* _What you have to do_
The reply should hold only the lines below beginning at the one with "A Guide to Requirements" and ending at the one with "Figure 9. Instagram", copied exactly, with every picture left out.

BEGIN Listed records

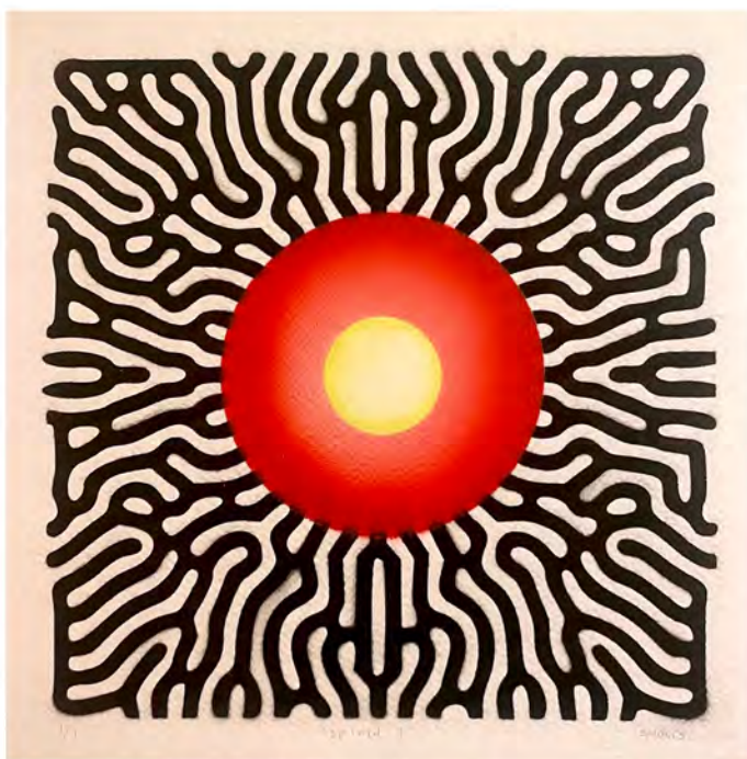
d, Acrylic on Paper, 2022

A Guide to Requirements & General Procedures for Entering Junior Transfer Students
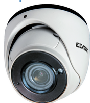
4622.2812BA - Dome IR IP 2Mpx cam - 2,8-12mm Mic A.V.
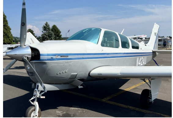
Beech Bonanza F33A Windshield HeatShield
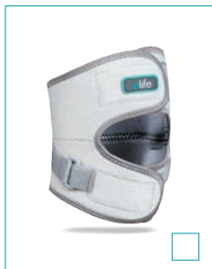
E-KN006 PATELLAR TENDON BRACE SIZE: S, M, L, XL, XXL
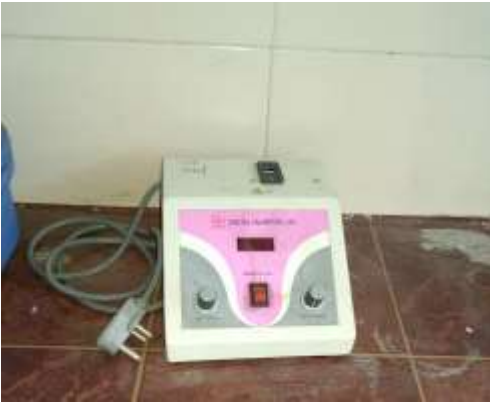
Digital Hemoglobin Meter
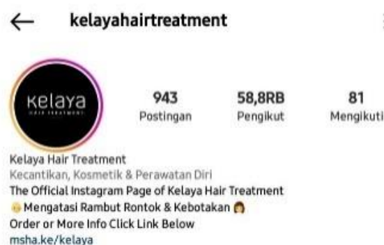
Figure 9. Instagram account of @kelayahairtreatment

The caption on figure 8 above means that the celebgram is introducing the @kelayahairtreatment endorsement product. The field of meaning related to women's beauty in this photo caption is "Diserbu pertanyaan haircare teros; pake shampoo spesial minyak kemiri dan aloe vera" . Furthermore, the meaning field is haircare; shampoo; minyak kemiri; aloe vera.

END Listed records

* _Solution to this exercise_
A Guide to Requirements & General Procedures for Entering Junior Transfer Students
4622.2812BA - Dome IR IP 2Mpx cam - 2,8-12mm Mic A.V.
Beech Bonanza F33A Windshield HeatShield
E-KN006 PATELLAR TENDON BRACE SIZE: S, M, L, XL, XXL
Digital Hemoglobin Meter
Figure 9. Instagram account of @kelayahairtreatment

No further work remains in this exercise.